▼
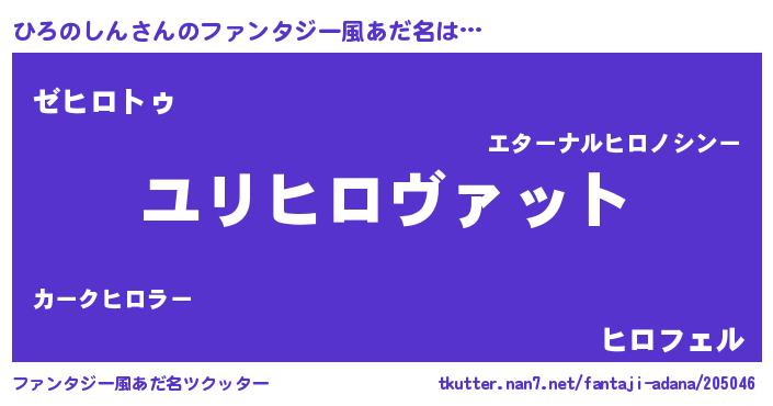 | 男性向けラノベタイトル風あだ名 | 『ヒロノシンスレイヤー』 |
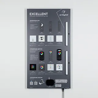 Наши специалисты знают все о продукции Arlight и с радостью помогут Вам выбрать комплектующие к товару "Стенд Системы Управления Excellent Arlight 1100x600mm (DB 3мм, пленка, лого) (Arlight, -)", или другие товары из раздела "Управление светом".
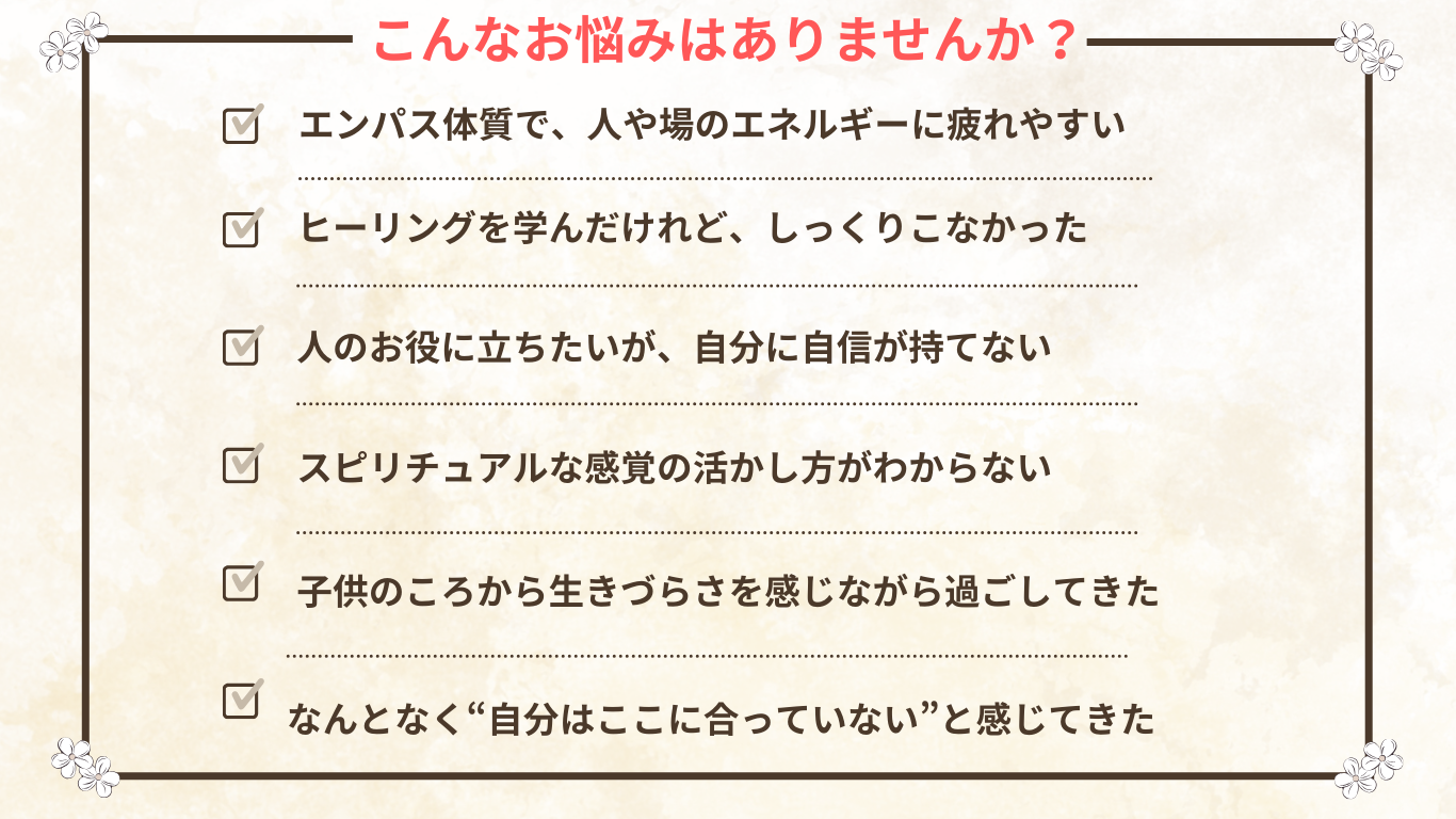 エンパス体質の私はずっと「人の影響を受けやすい自分」を責めていましたが、この講座でその感性が“癒しの才能”だとわかり、自分を受け入れられるようになりました。
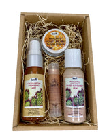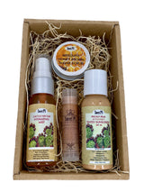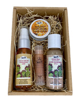 Mesquite Honey Brown Sugar Scrub helps remove dry skin as it moisturizes. Spray Cactus Nectar Mist to tone, plump & protect. Caffeine Under Eye Concealer reduces puffiness & dark circles. Prickly Pear Tinted Sunscreen SPF30 moisturizes & protects in antioxidant rich prickly pear juice formula. Directions included in kraft 4" X 6" X 2" slide box with grosgrain ribbon.
▲
- [BRIEF]
Only the lines from the start of the material to the line with "エンパス体質の私はずっと「人", inclusive, belong in the answer, printed exactly and free of pictures.

- [EXPECTED OUTPUT]
 | 男性向けラノベタイトル風あだ名 | 『ヒロノシンスレイヤー』 |
 Наши специалисты знают все о продукции Arlight и с радостью помогут Вам выбрать комплектующие к товару "Стенд Системы Управления Excellent Arlight 1100x600mm (DB 3мм, пленка, лого) (Arlight, -)", или другие товары из раздела "Управление светом".
 エンパス体質の私はずっと「人の影響を受けやすい自分」を責めていましたが、この講座でその感性が“癒しの才能”だとわかり、自分を受け入れられるようになりました。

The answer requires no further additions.